EXERCISE BRIEF: Print the records below exactly, with no pictures.

INPUT:
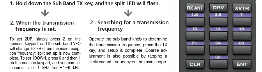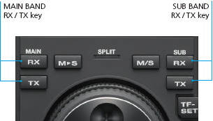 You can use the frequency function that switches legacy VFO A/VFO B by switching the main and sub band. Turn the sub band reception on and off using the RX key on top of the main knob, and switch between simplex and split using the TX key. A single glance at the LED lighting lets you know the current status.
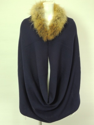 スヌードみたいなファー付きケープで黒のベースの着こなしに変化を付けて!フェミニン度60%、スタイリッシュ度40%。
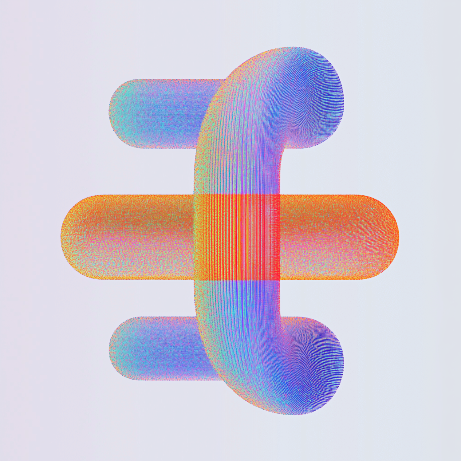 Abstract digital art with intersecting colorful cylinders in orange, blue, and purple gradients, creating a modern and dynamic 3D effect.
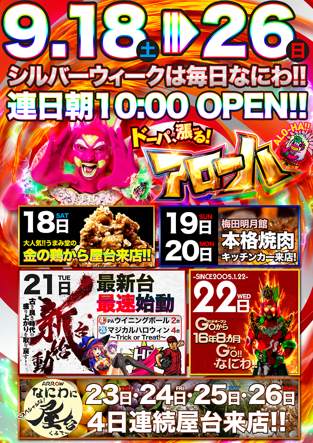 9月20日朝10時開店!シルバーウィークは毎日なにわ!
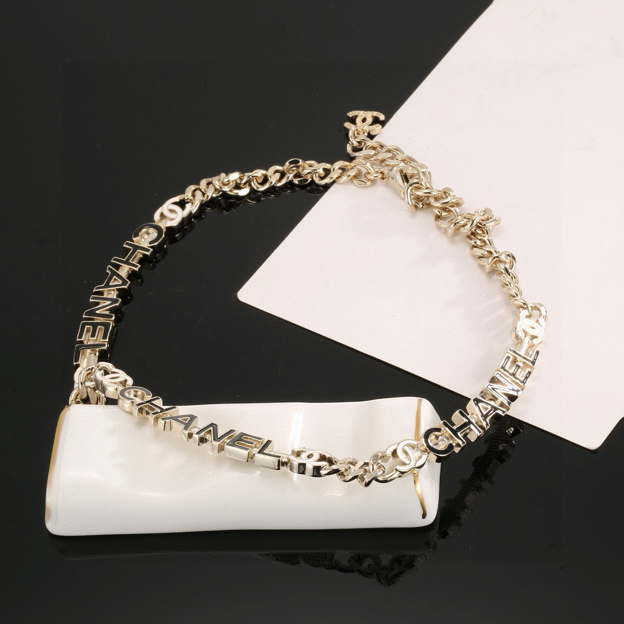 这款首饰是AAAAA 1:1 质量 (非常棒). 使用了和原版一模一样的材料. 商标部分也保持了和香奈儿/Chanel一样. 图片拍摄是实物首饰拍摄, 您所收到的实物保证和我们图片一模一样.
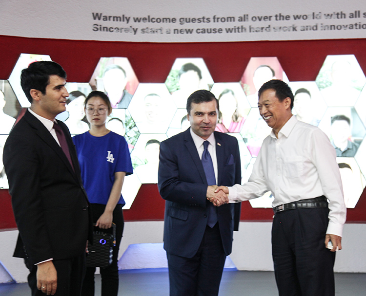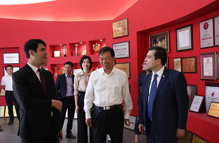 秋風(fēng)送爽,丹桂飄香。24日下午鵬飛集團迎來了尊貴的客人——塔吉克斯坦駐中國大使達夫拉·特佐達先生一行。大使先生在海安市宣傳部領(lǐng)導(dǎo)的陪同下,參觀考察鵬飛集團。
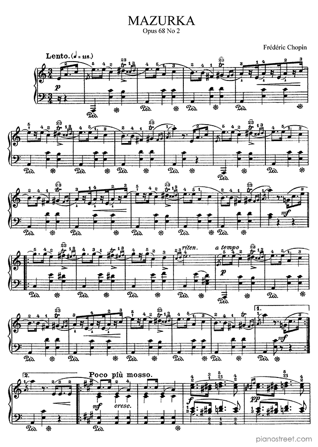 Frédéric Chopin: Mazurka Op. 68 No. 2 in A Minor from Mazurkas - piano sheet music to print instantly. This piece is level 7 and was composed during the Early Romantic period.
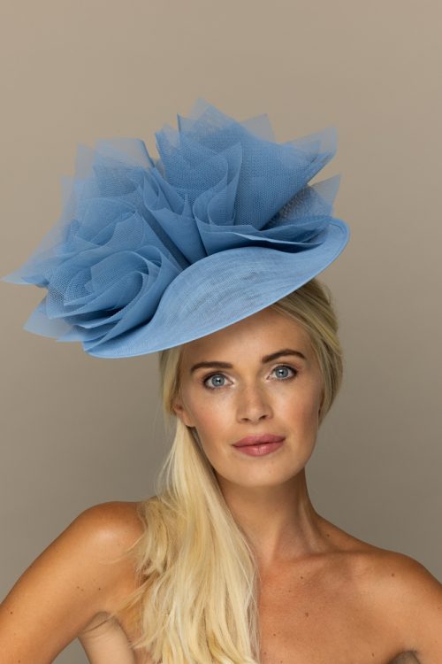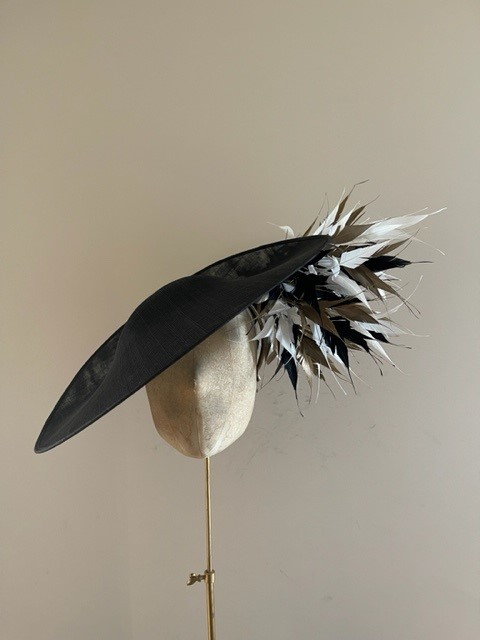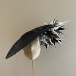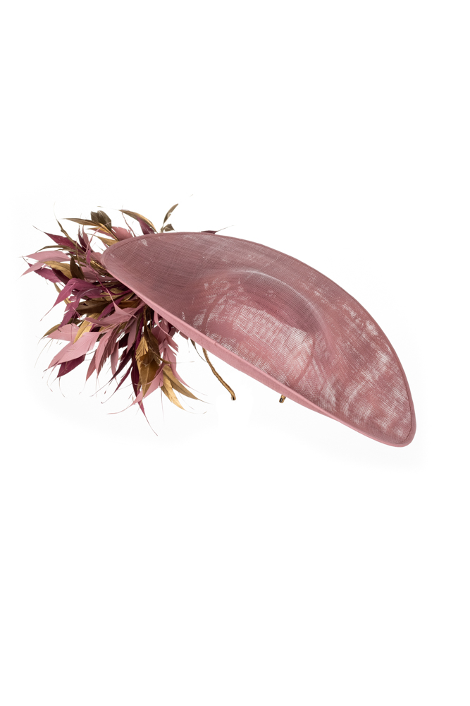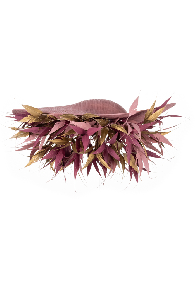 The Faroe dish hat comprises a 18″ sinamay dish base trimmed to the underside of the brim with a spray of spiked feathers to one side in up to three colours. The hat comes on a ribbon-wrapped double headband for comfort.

RESPONSE AREA:
 You can use the frequency function that switches legacy VFO A/VFO B by switching the main and sub band. Turn the sub band reception on and off using the RX key on top of the main knob, and switch between simplex and split using the TX key. A single glance at the LED lighting lets you know the current status.
 スヌードみたいなファー付きケープで黒のベースの着こなしに変化を付けて!フェミニン度60%、スタイリッシュ度40%。
 Abstract digital art with intersecting colorful cylinders in orange, blue, and purple gradients, creating a modern and dynamic 3D effect.
 9月20日朝10時開店!シルバーウィークは毎日なにわ!
 这款首饰是AAAAA 1:1 质量 (非常棒). 使用了和原版一模一样的材料. 商标部分也保持了和香奈儿/Chanel一样. 图片拍摄是实物首饰拍摄, 您所收到的实物保证和我们图片一模一样.
 秋風(fēng)送爽,丹桂飄香。24日下午鵬飛集團迎來了尊貴的客人——塔吉克斯坦駐中國大使達夫拉·特佐達先生一行。大使先生在海安市宣傳部領(lǐng)導(dǎo)的陪同下,參觀考察鵬飛集團。
 Frédéric Chopin: Mazurka Op. 68 No. 2 in A Minor from Mazurkas - piano sheet music to print instantly. This piece is level 7 and was composed during the Early Romantic period.
 The Faroe dish hat comprises a 18″ sinamay dish base trimmed to the underside of the brim with a spray of spiked feathers to one side in up to three colours. The hat comes on a ribbon-wrapped double headband for comfort.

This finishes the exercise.